I feel deeply resentful (not of my partner but men generally) that men don’t have to through pregnancy or Mat leave. I don’t miss the partying much but I feel two pregnancies followed by extended breastfeeding etc have held me back hugely at work. I’ve never expressed this to anyone but secretly feel really bitter! Don’t regret my children for a moment but I feel the disadvantages aren’t honestly discussed as much as they should be in the workplace!

Thanks a lot for sharing this, I know those opinions can feel wrong to have but I can totally relate to it.

My partner has worked his arse off and excelling in work right now, I’m mega proud. But I think this might be playing into all the jealous feelings I have, because I’ve always been very career driven & have a well paid job right now. It’s scary knowing I’ll be giving it up for a while, will I be able to go back, will it be the same, etc.
I’ve also always been very independant and self sufficient - scary to think I’ll be relying on somebody else’s income for a while! 😅

all part of the process isn’t it! Xx

OP posts:
PaprikaPlease · 29/09/2023 00:36

Not sure why marriage is relevant @AlexaCanYouHearMe Many people I know go for civil partnerships nowadays rather than marriage since it became an option in 2020 and would refer to ‘partners’ more naturally. Or maybe she just has tonnes more money so it wouldn’t be advantageous to marry. Or maybe they are married and she does want to say ‘my husband’ as it sounds dated compared to partner! Or loads of other reasons!

RiderofRohan · 29/09/2023 09:14

laminaHK · 29/09/2023 00:22

Thank you @RiderofRohan this one hit home.
My partner is an amazing man - very hard working, loving & emotionally intelligent. I’m so proud of him and all he’s achieving at work right now, he deserves to go out and party ☺️

I had a wobble tonight because he’s gone out for the second week on the trot where he will come home around 3am / 4am and be very drunk. I think I feel jealous because I’ve been feeling a little lonely & sick / headaches, etc.

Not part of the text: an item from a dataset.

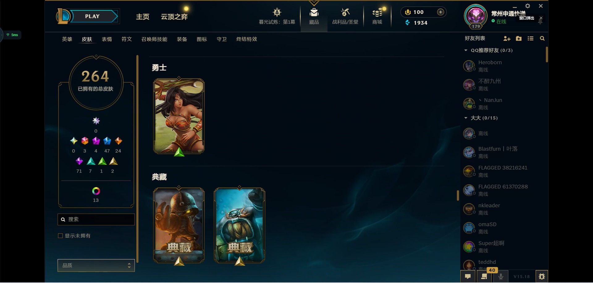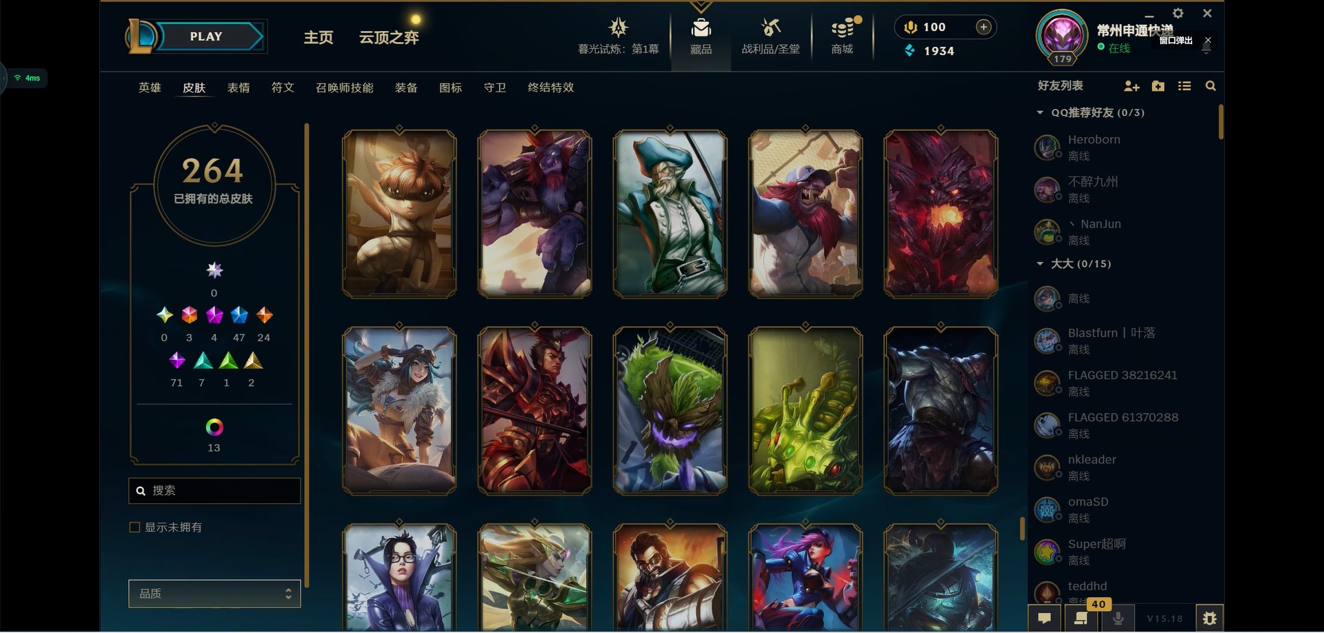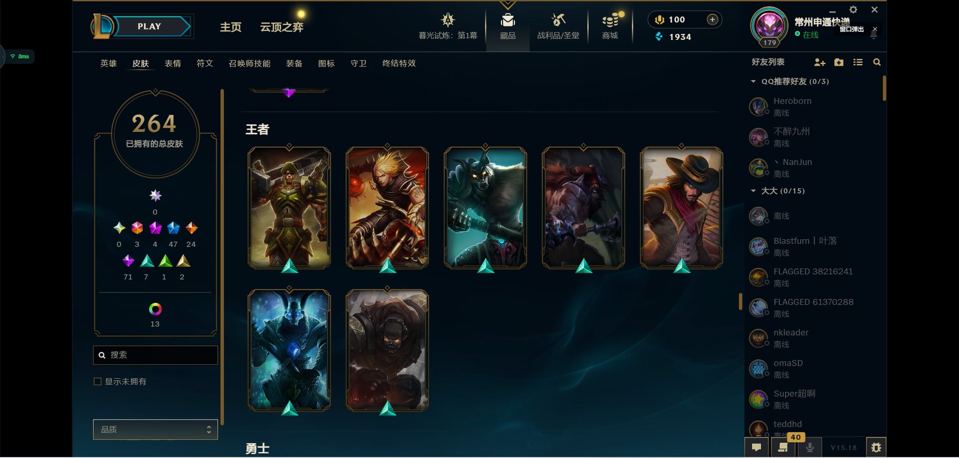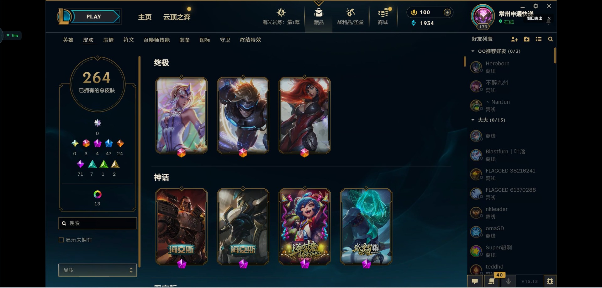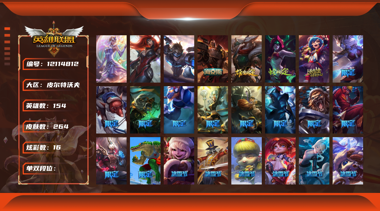 [12114812]3终极 4神话 47限定 24传说 71史诗 264皮肤 16炫彩 154英雄 可二次 可修改实名 优质装备:源代码 乐芙兰,防爆天使 凯尔,暗影 沃里克,电玩战魂 人马,防爆机器人 布里茨,防爆士兵 炼金,冠军典狱长 锤石,冠军之隐 劫,女猎手 希维尔,野兽猎人 瑟庄妮,野兽猎人 泰达米尔,大元素使,未来战士,武装战姬,冠军典狱长 锤石 凯旋圣装,冠军之隐 劫 凯旋圣装 海克斯:恐惧新星 德莱厄斯 赛季限定皮:胜利女神 莫甘娜,胜利女神 希维尔,胜利之树 茂凯,胜利枪神 格雷福斯,胜利女神 奥利安娜,胜利之剑 剑魔 冠军限定系列:S13 T1 李青,S1FNC 酒桶,S1FNC 迦娜,S1FNC 卡尔萨斯,S3 SKT T1 李青,S4 SSW 雷恩加尔,S4 SSW 图奇,S5 SKT T1 阿利斯塔,S5 SKT T1 阿兹尔,S6 SKT T1 球女 冰雪节限定:“主人不要我了” 阿木木,冰雪节 炼金,冰雪兽 纳尔,冬季仙境 发条,胡桃夹子 小丑,平安夜女神 娑娜,圣诞开心鬼 提莫,圣诞精灵 崔丝塔娜,圣诞老人 酒桶,圣诞糖果棒 厄运小姐,圣诞玩偶 波比,圣诞驯鹿 克格莫,冰雪节 茂凯,雪默丁格 泳池派对:泳池派对 雷克顿 万圣节限定:鬼影森森 茂凯,鬼影重重 魔腾,魅惑女巫 奈德丽,南瓜头 费德提克,无头骑士 人马 年限:蛇年 卡西奥佩娅,鸡年 阿兹尔 周年:10周年 安妮

But just this afternoon I was feeling sick and made a passing comment that I felt like all I could stomach was chippy chips (?? 😂). He came home on his lunch break just to bring me some. It’s small & silly, but it mattered.

I should try get out my tunnel vision. Thanks for this comment, I forget how fortunate I am sometimes - to be expecting a baby with somebody I love.

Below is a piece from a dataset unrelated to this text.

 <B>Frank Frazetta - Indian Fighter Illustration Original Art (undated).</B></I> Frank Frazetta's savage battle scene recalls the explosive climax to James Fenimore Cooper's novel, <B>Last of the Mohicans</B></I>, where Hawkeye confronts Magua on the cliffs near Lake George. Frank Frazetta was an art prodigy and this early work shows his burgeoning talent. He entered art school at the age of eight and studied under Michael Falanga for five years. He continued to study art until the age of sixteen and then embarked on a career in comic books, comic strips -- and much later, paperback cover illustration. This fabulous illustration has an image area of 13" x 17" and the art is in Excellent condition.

Aw your DP sounds sweet! Yes, I think it helps to be grateful when you have an attentive and caring partner. My dad never did these things for my mum, which reminds me how lucky I am. And DH would never say but I'm sure having a pregnant, grouchy couch potato wife for the past couple months must be a bit of a shock to him and can't be easy lol. So I'm more than happy for him to see his friends once a week for some normality.